Fertility Challenges In India: Examining Current Trends Of Infertility

Trends Of Infertility

Infertility is the inability of a body to reproduce by natural means. In a heterosexual relationship, infertility may be caused due to either male or female. It is defined to be a failure to achieve pregnancy after 12 months of regular unprotected intercourse.

Infertility and childlessness is a global problem affecting about 10-12 percent of married couples across the world. In India, the infertility rate is estimated between 4 and 16 by the World Health Organization. The cause of infertility and childlessness has a grievous impact on statistical analytics of the population.

The prevalence of infertility has caused psychological issues like mental suffering, anger, depression, and stress, and some social issues like isolation, partner violence, divorce, and societal rejection. However, infertility affects both men and women effectively.

Infertility In India

In the context of Indian culture, a woman’s ability to get pregnant and give birth is deemed to be crucial for her identity. In a childless family, the woman is more likely to get criticized for lacking children. They face discrimination and societal separation in their communities if their family is childless after a particular period. On the other hand, a man/woman can choose to have children after a certain period with the consent of their respective partner, but not for too long.
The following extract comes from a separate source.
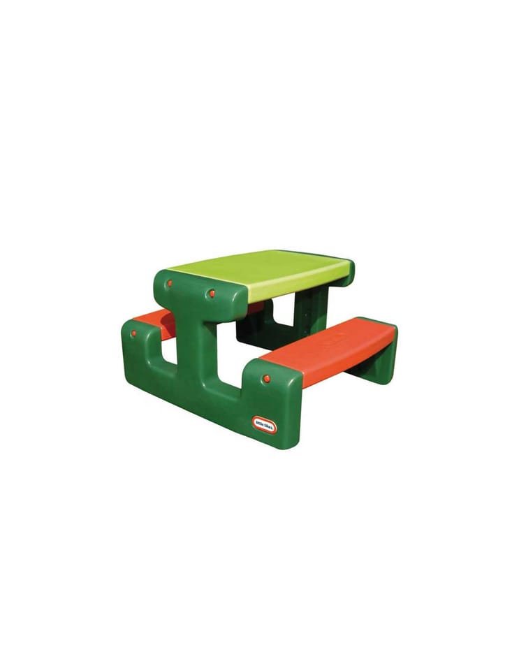 Stolik piknikowy dla dzieci w kolorze zielono czerwonym od renomowanej marki Little Tikes, cenionego producenta zabawek dla dzieci. Stół będzie idealny do zabawy zarówno w domu jak i w ogrodzie. Jednoczęściowy stolik został wyposażony w wygodne czerwone siedziska oraz zaokrąglone i gładkie krawędzie dla zapewnienia bezpieczeństwa. Stolik może stać się warsztatem pracy dla dzieci, odpowiedni do wykonywania wszelkich zadań, np. lepienia, malowania, wycinania, jedzenia itp. Przy stole może jednocześnie przebywać czworo dzieci.

The rationale for Infertility differs from people, places, environment, and climatic conditions across the sub-continent. Some studies and surveys suggest that the infertility rate is high among women in urban areas. This is primarily because teenagers focus on high levels of educational aspirations which results in delayed marriages. While the lifestyle in urban areas promotes later marriages and age is futile for them, a survey by NFHS (National Family Health Survey) suggests that age is one of the most significant causes of infertility in the female reproductive system.

Primary Infertility

Primary Infertility

The inability to give live birth to any child even after several years of marriage is classified under primary infertility. When a married couple has not been able to conceive a child despite having unprotected intercourse for 12 months or more without any pregnancies, they often seek the guidance of fertility specialists and assisted reproductive technologies like IVF (In Vitro Fertilisation), IUI (Intrauterine Insemination) and/or fertility medications. Some of the causes of primary infertility are age, physical condition, health condition, style of living, environmental factors, and in some cases unidentified.

Secondary Infertility

The inability to give birth to an additional child after a year or more since having one or more children in the past is classified under secondary infertility. This refers to a despair situation when the couple is unable to conceive another pregnancy for a longer period than planned. It is time-consuming to understand the situation and the analysis of secondary infertility commences after a particular wait period is over.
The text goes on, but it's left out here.